This week in the housing market saw the continued upswing in mortgage rates mirrored by a rise in foreclosure filings and a spike in search engine inquiries from sellers trying to offload their properties.
On the Mortgage Front
Freddie Mac (OTCMKTS:FMCC) reported the 30-year fixed-rate mortgage averaged 5.89% as of Sept. 8, up from last week when it averaged 5.66%. The 15-year fixed-rate mortgage averaged 5.16%, up from last week when it averaged 4.98%.
And the 5-year Treasury-indexed hybrid adjustable-rate mortgage averaged 4.64%, up from last week when it averaged 4.51%.
“Mortgage rates rose again as markets continue to manage the prospect of more aggressive monetary policy due to elevated inflation,” said Sam Khater, Freddie Mac’s chief economist.
“Not only are mortgage rates rising but the dispersion of rates has increased, suggesting that borrowers can meaningfully benefit from shopping around for a better rate.
Our research indicates that borrowers could save an average of $1,500 over the life of a loan by getting one additional rate quote and an average of about $3,000 if they get five quotes.”
While mortgage rates kept rising, mortgage applications were down for the fifth straight week, remaining at their lowest level in 22 years.
The Mortgage Bankers Association’s Market Composite Index for the week ending Sept. 2 dipped by 0.8% on a seasonally adjusted basis from the previous week while the unadjusted basis was down by 2%. The unadjusted Refinance Index decreased by 1% from the previous week and was 83%
“Mortgage rates moved higher over the course of last week as markets continued to re-assess the prospects for the economy and the path of monetary policy, with expectations for short-term rates to move and stay higher for longer,” said Mike Fratantoni, MBA senior vice president and chief economist.
“With the 30-year fixed rate rising to the highest level since mid-June, application volumes for both purchase and refinance loans dropped.

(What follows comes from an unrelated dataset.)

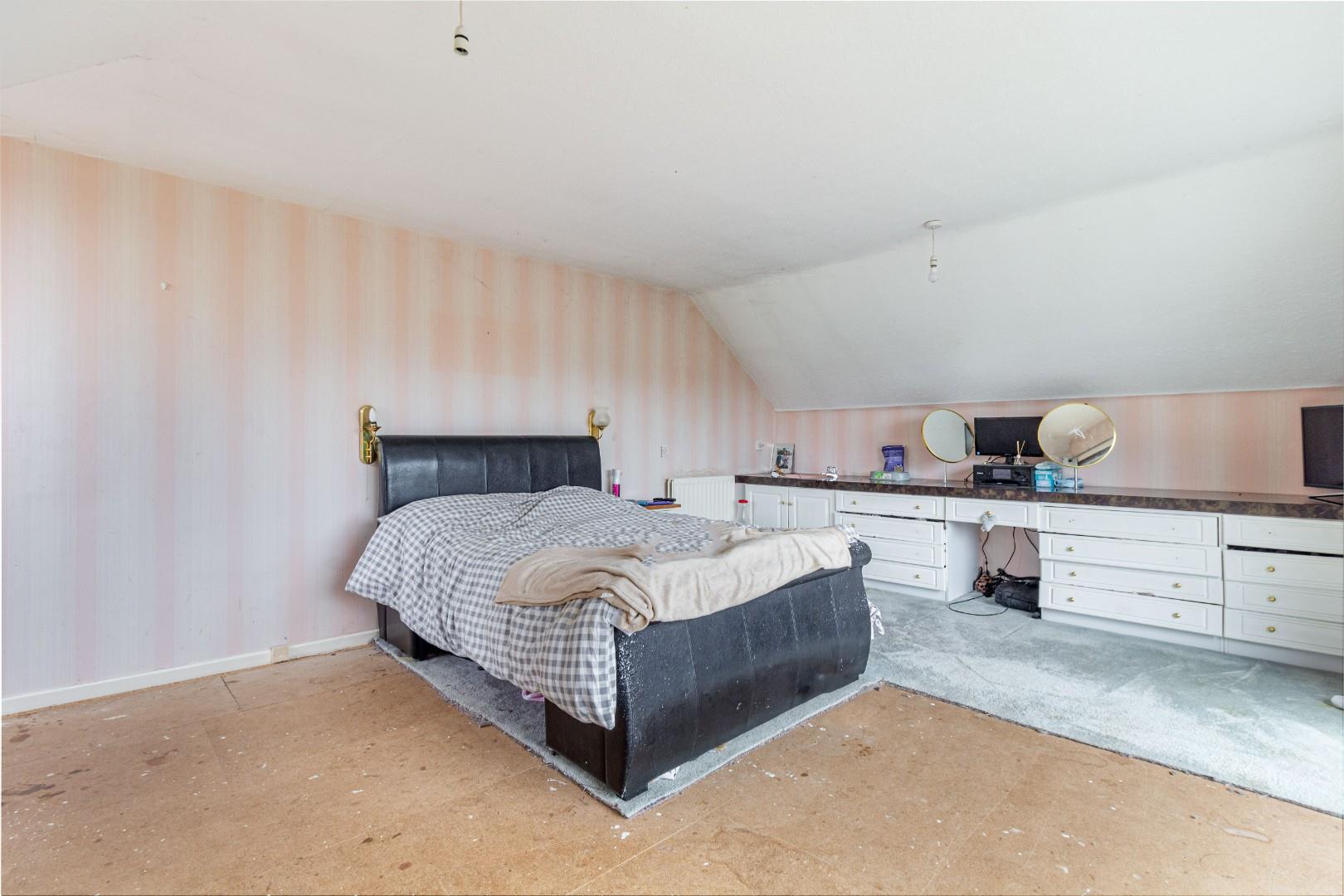 With a door leading from the landing, built in wardrobe, window to the front and a central heating radiator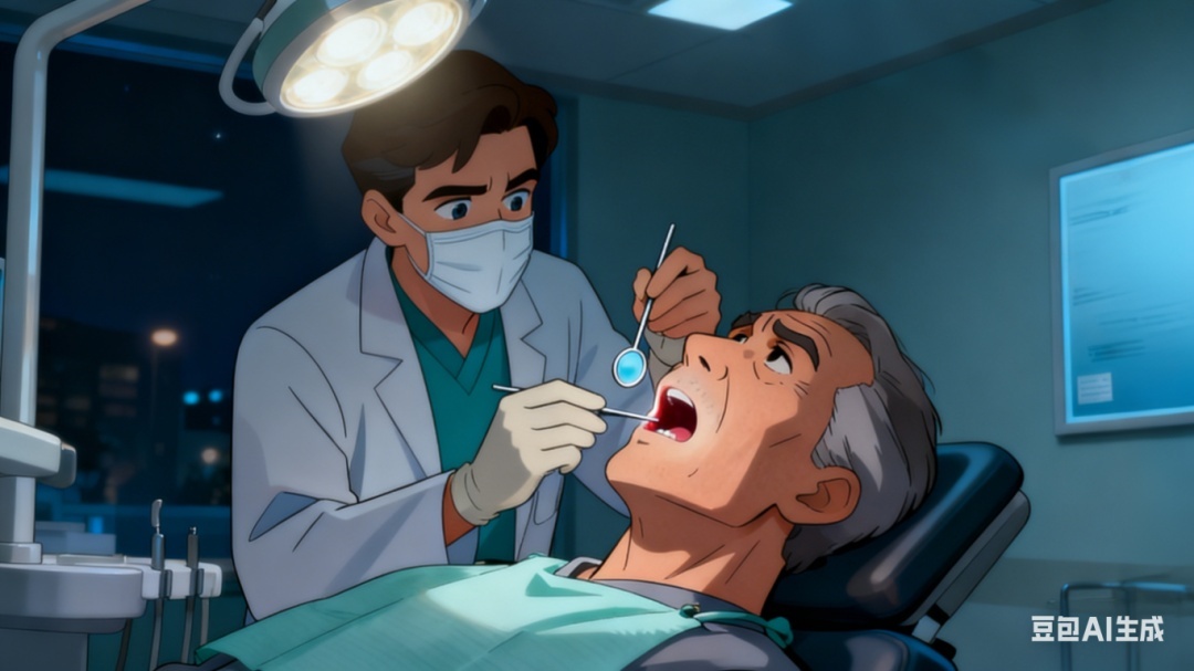 一位五十多岁的中年男子捂着半边脸颊,满头冷汗,声音颤抖地对医生说:“大夫,我牙疼得要命!像有电钻在脑子里打转,止痛药吃了也不管用!”

Recent economic data will likely prevent any significant decline in mortgage rates in the near term, but the strong job market depicted in the August data should support housing demand.

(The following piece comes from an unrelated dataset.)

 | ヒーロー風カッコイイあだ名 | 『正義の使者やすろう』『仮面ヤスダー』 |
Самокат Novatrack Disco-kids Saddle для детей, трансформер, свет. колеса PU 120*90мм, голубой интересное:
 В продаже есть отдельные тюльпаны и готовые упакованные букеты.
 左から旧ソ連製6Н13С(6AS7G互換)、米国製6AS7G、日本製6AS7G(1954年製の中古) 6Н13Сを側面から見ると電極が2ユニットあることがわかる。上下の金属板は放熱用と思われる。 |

There is no sign of a rebound in purchase applications yet, but the robust job market and an increase in housing inventories should lead to an eventual increase in purchase activity.”
On the Homeownership Front
Last month saw a total of 34,501 U.S. properties with foreclosure filings, according to new data from ATTOM. This is up 14% from the previous month ago and up 118% from a year ago.

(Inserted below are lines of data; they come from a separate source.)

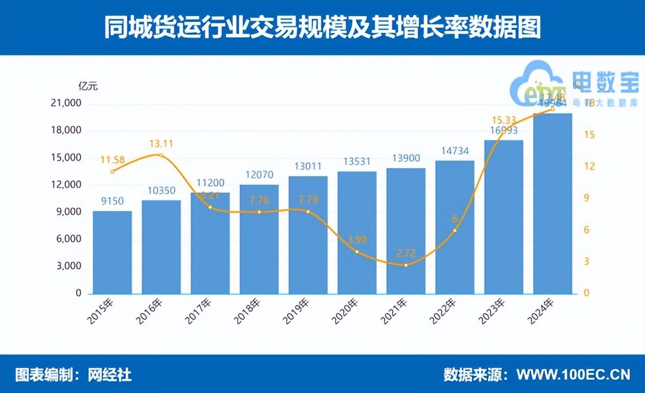 报告显示,2024年同城货运市场规模为19964亿元,同比增长17.48%。近年来,同城货运城市供应链韧性强化,应急物流需求激增:自然灾害、疫情等突发场景下,同城货运承担80%以上的物资调配;也带动生鲜冷链、家居配送等细分场景增长。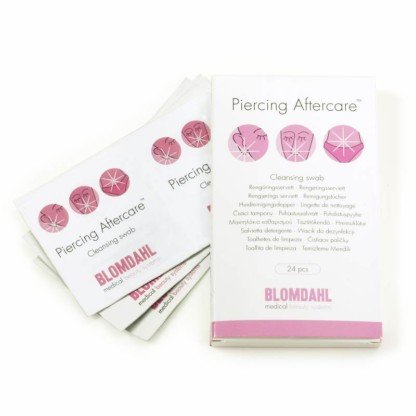 Blomdahl Piercing Aftercare Swabs (24). Cleans and sanitises the piercing hole. Aids in recovery. Minimizes recovery time so earrings can be worn as quickly as possible.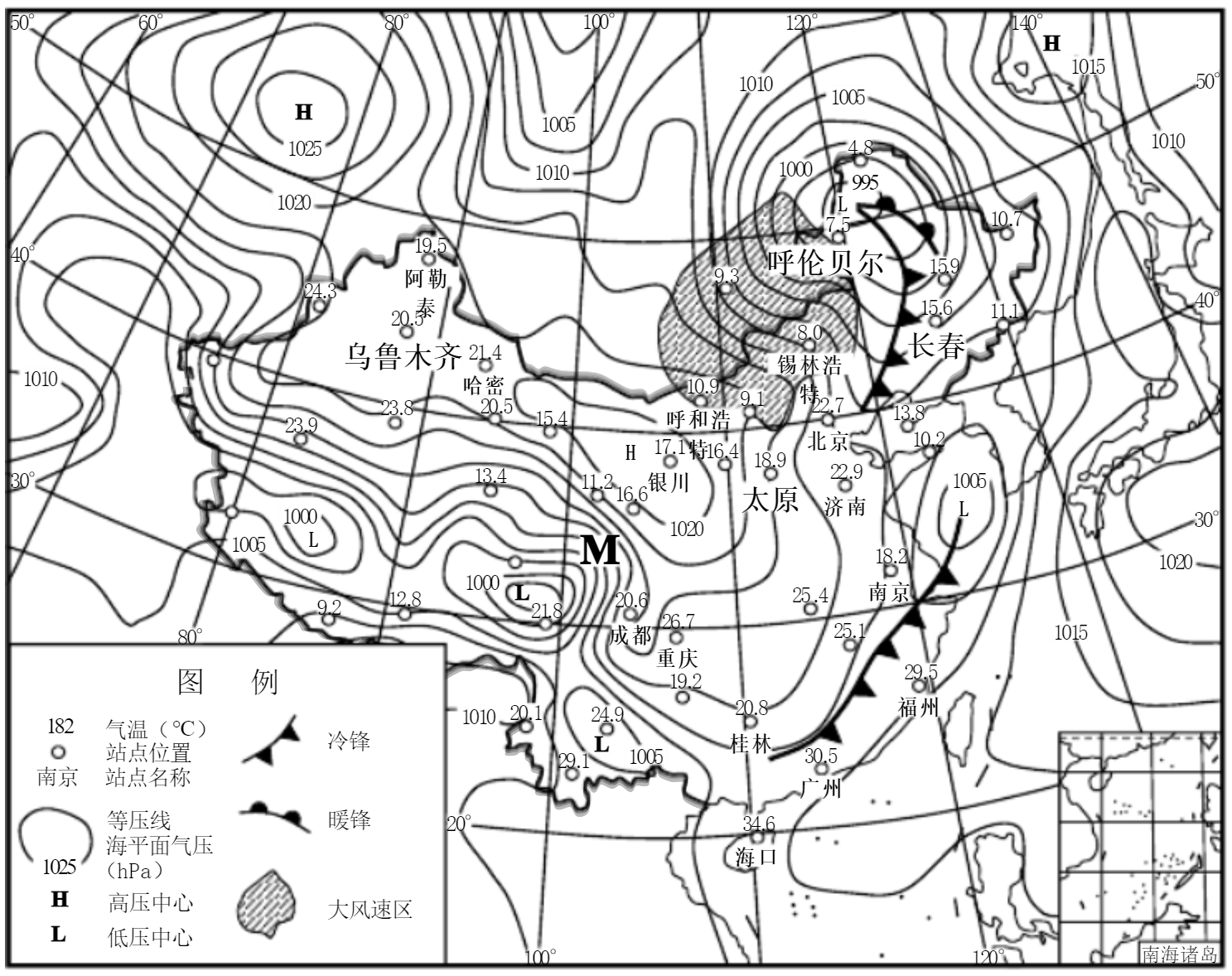 图为某日14时亚洲部分地区地面天气简图,据此完成下题:

Lenders started the foreclosure process on 23,952 properties last month, up 12% from July and up 187% from August 2021. Nationwide one in every 4,072 housing units had a foreclosure filing in August 2022.
States with the highest foreclosure rates were Illinois (one in every 1,926 housing units with a foreclosure filing); Delaware (one in every 2,387 housing units); South Carolina (one in every 2,417 housing units); New Jersey (one in every 2,441 housing units); and Florida (one in every 2,950 housing units).
“Two years after the onset of the Covid-19 pandemic, and after massive government intervention and mortgage industry efforts to prevent defaults, foreclosure starts have almost returned to 2019 levels,” said Rick Sharga, executive vice president of market intelligence at ATTOM.
“August foreclosure starts were at 86% of the number of foreclosure starts in August 2019, but it’s important to remember that even then, foreclosure activity was relatively low compared to historical averages.”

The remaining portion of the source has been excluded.